Extracted records —
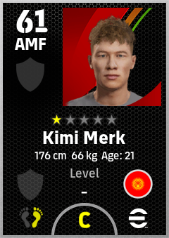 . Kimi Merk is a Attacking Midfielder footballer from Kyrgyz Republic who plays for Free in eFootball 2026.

--

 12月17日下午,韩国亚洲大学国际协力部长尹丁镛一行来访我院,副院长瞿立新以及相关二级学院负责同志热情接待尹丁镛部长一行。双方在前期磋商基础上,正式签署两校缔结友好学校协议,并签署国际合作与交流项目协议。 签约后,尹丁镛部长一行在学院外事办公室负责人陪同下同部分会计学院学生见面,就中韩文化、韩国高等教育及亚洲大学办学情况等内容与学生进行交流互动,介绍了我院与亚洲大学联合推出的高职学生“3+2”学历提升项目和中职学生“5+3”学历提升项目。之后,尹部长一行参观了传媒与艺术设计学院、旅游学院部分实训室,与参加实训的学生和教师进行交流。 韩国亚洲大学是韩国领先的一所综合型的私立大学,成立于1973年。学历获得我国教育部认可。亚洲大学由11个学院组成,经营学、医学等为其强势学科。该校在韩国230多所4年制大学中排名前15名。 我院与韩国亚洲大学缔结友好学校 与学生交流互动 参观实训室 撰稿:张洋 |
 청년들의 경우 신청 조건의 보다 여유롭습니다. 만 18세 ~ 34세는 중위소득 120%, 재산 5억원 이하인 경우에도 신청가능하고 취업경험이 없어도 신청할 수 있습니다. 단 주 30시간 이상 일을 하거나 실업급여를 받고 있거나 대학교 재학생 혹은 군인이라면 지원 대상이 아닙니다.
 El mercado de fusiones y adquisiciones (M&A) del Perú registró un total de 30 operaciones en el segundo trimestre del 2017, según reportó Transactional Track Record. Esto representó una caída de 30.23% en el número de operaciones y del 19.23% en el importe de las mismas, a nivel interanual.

...

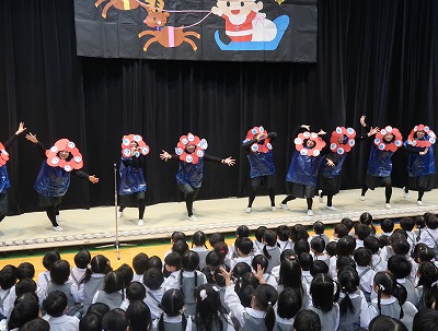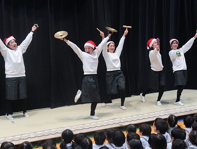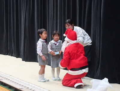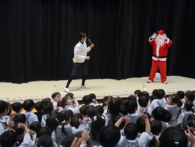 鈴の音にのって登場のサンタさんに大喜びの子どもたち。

Required action — After locating the line holding "参观实训室 撰稿:张洋 |" above, output exactly that line and every line after it through the line holding "El mercado de". Include nothing else.

Exercise answer —
 12月17日下午,韩国亚洲大学国际协力部长尹丁镛一行来访我院,副院长瞿立新以及相关二级学院负责同志热情接待尹丁镛部长一行。双方在前期磋商基础上,正式签署两校缔结友好学校协议,并签署国际合作与交流项目协议。 签约后,尹丁镛部长一行在学院外事办公室负责人陪同下同部分会计学院学生见面,就中韩文化、韩国高等教育及亚洲大学办学情况等内容与学生进行交流互动,介绍了我院与亚洲大学联合推出的高职学生“3+2”学历提升项目和中职学生“5+3”学历提升项目。之后,尹部长一行参观了传媒与艺术设计学院、旅游学院部分实训室,与参加实训的学生和教师进行交流。 韩国亚洲大学是韩国领先的一所综合型的私立大学,成立于1973年。学历获得我国教育部认可。亚洲大学由11个学院组成,经营学、医学等为其强势学科。该校在韩国230多所4年制大学中排名前15名。 我院与韩国亚洲大学缔结友好学校 与学生交流互动 参观实训室 撰稿:张洋 |
 청년들의 경우 신청 조건의 보다 여유롭습니다. 만 18세 ~ 34세는 중위소득 120%, 재산 5억원 이하인 경우에도 신청가능하고 취업경험이 없어도 신청할 수 있습니다. 단 주 30시간 이상 일을 하거나 실업급여를 받고 있거나 대학교 재학생 혹은 군인이라면 지원 대상이 아닙니다.
 El mercado de fusiones y adquisiciones (M&A) del Perú registró un total de 30 operaciones en el segundo trimestre del 2017, según reportó Transactional Track Record. Esto representó una caída de 30.23% en el número de operaciones y del 19.23% en el importe de las mismas, a nivel interanual.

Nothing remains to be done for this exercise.